Pasar AS baru saja melewati pekan yang solid setelah The Federal Reserve memangkas suku bunga. Para pelaku pasar memprediksi akan ada dua kali lagi pemangkasan suku bunga sebelum akhir tahun. Minggu ini, pasar akan menantikan data terbaru mengenai inflasi, yaitu indeks harga pengeluaran konsumsi pribadi (PCE).
Pasar keuangan domestik juga dipengaruhi oleh publikasi APBN KiTa edisi September 2025 dan kebijakan dari China. Menteri Keuangan yang baru, Purbaya Yudhi Sadewa, menyampaikan data yang menunjukkan pendapatan negara hingga Agustus 2025 baru mencapai 57,2% dari target, turun 7,8% dibandingkan periode yang sama tahun lalu. Belanja negara mencapai 55,6% dari target. Akibatnya, APBN mencatat defisit Rp321,6 triliun atau 1,35% PDB, dua kali lipat lebih besar dibandingkan tahun lalu. Realisasi program prioritas juga menjadi sorotan, dengan serapan yang masih rendah. Selain itu, rencana pembentukan Badan Penerimaan Negara (BPN) masih tertunda.
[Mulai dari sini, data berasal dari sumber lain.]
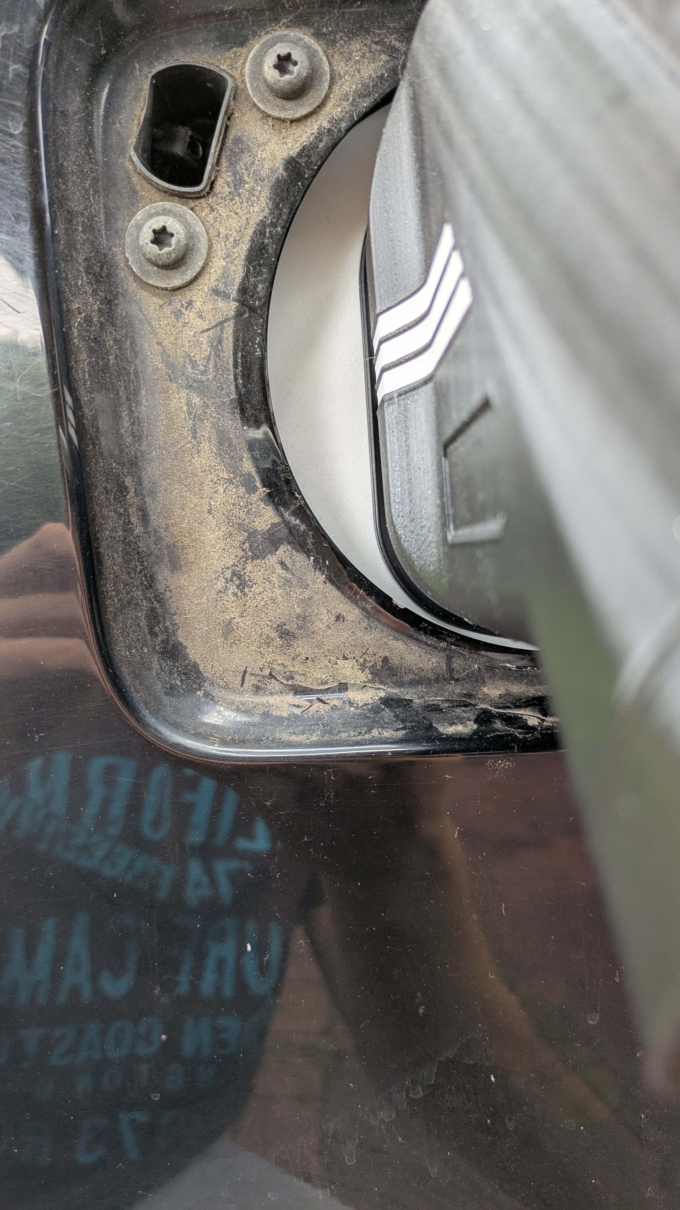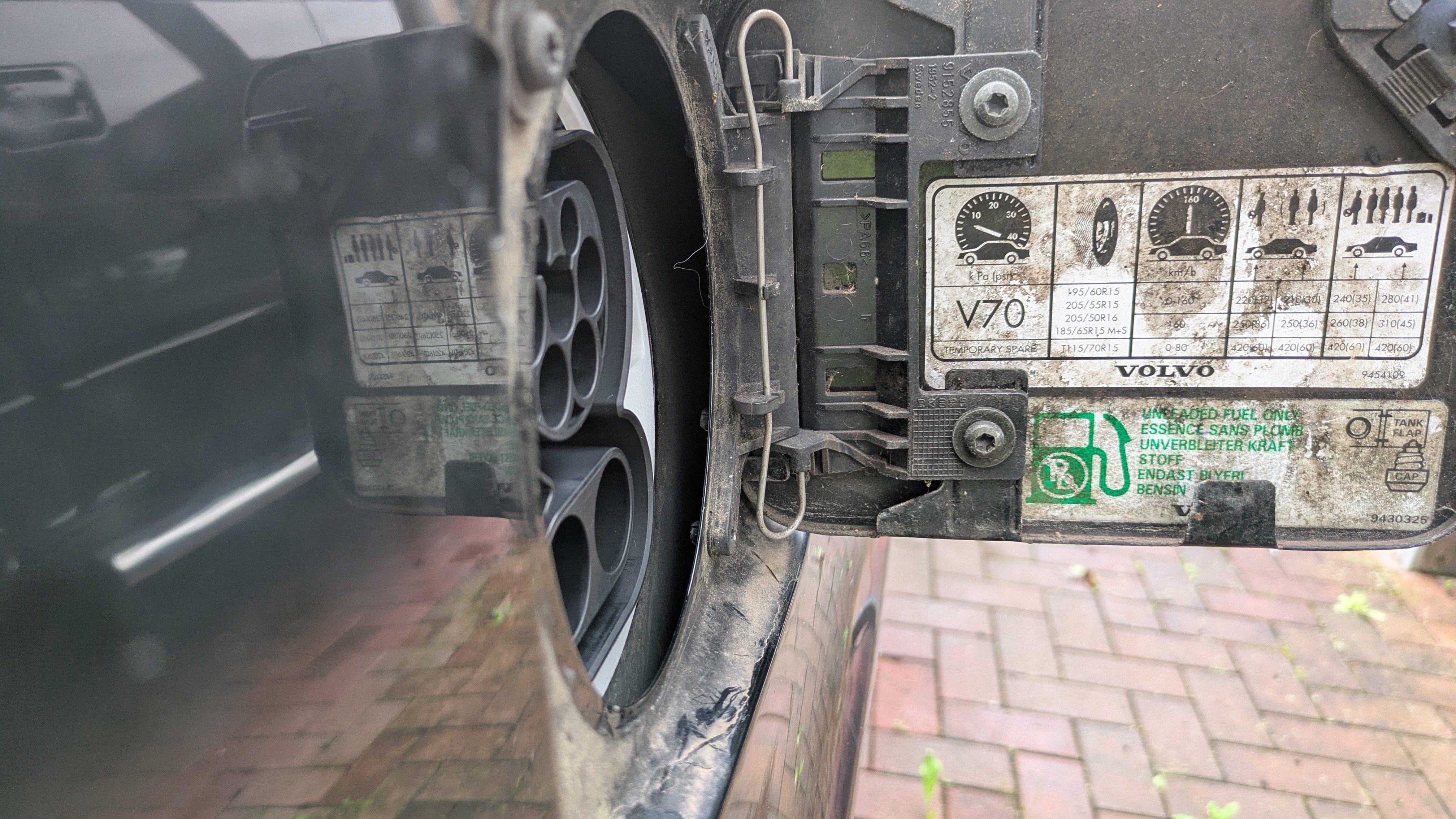 I really wanted to avoid this, but overall it's not so bad I think. The dent is behind the carpet. This is how the connector sits in the filler port. In the first iteration I wanted to place the connector at the outer sheet metal, but that wouldn't allow the fuel door to close.

Hari ini, pasar akan mencermati rilis data uang beredar (M2) Juli 2025 oleh Bank Indonesia, serta Rapat Paripurna DPR terkait RUU tentang APBN TA 2026. Dari eksternal, PMI Global S&P untuk September akan dirilis, serta pidato Ketua The Fed Jerome Powell.
Dengan berbagai faktor tersebut, pasar keuangan Indonesia dihadapkan pada tantangan yang kompleks. Investor perlu mencermati perkembangan ekonomi domestik dan global untuk mengambil keputusan investasi yang tepat.